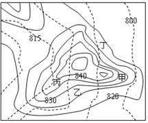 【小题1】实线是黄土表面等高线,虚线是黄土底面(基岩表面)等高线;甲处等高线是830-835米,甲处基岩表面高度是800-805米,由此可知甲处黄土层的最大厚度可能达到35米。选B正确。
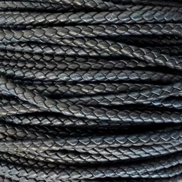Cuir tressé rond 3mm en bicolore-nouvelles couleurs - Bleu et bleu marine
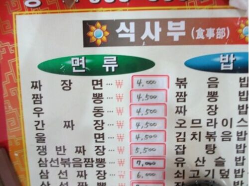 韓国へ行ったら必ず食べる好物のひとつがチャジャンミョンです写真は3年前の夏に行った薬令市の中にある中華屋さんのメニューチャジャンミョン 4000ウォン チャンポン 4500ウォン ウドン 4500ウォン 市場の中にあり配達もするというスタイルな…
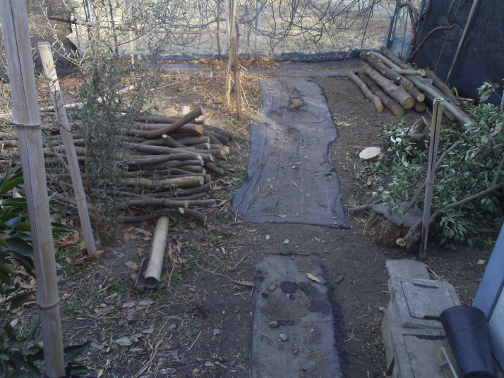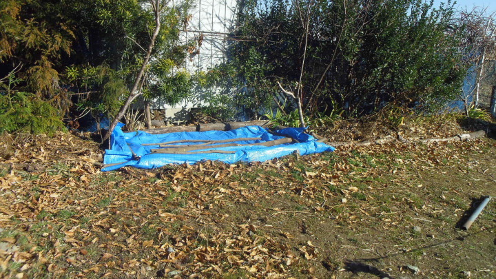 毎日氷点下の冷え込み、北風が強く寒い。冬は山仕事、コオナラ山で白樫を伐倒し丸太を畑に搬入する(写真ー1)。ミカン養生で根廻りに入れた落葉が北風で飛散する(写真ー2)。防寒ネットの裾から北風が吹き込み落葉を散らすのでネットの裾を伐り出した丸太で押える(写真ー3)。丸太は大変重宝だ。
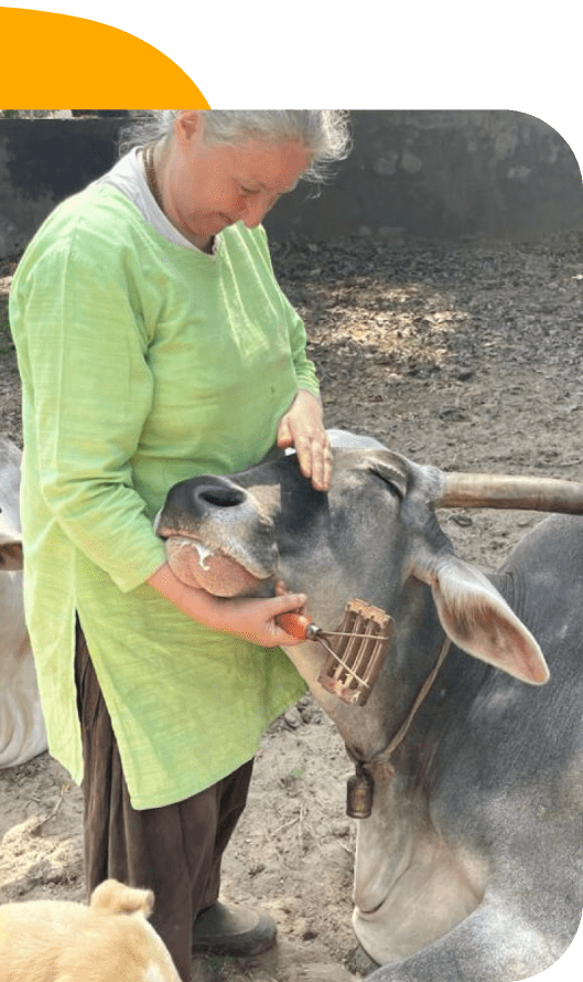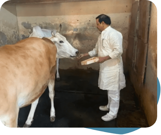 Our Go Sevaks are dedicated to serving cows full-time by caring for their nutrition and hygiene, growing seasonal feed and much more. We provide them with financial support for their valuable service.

* * *

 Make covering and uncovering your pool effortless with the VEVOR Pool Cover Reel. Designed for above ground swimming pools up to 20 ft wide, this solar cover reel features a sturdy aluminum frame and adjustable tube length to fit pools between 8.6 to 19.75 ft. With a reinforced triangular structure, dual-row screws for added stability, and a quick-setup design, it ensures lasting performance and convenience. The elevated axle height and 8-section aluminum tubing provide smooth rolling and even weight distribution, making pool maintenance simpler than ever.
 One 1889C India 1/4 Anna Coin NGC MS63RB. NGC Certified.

### [Activity]
What is needed is an exact copy of the lines above from the one with "ウドン 4500ウォン 市場の中にあり配達もするというスタイルな…" to the one with "Our Go Sevaks", both ends kept, and nothing more; please leave the pictures out.

### [Result of the exercise]
 韓国へ行ったら必ず食べる好物のひとつがチャジャンミョンです写真は3年前の夏に行った薬令市の中にある中華屋さんのメニューチャジャンミョン 4000ウォン チャンポン 4500ウォン ウドン 4500ウォン 市場の中にあり配達もするというスタイルな…
 毎日氷点下の冷え込み、北風が強く寒い。冬は山仕事、コオナラ山で白樫を伐倒し丸太を畑に搬入する(写真ー1)。ミカン養生で根廻りに入れた落葉が北風で飛散する(写真ー2)。防寒ネットの裾から北風が吹き込み落葉を散らすのでネットの裾を伐り出した丸太で押える(写真ー3)。丸太は大変重宝だ。
 Our Go Sevaks are dedicated to serving cows full-time by caring for their nutrition and hygiene, growing seasonal feed and much more. We provide them with financial support for their valuable service.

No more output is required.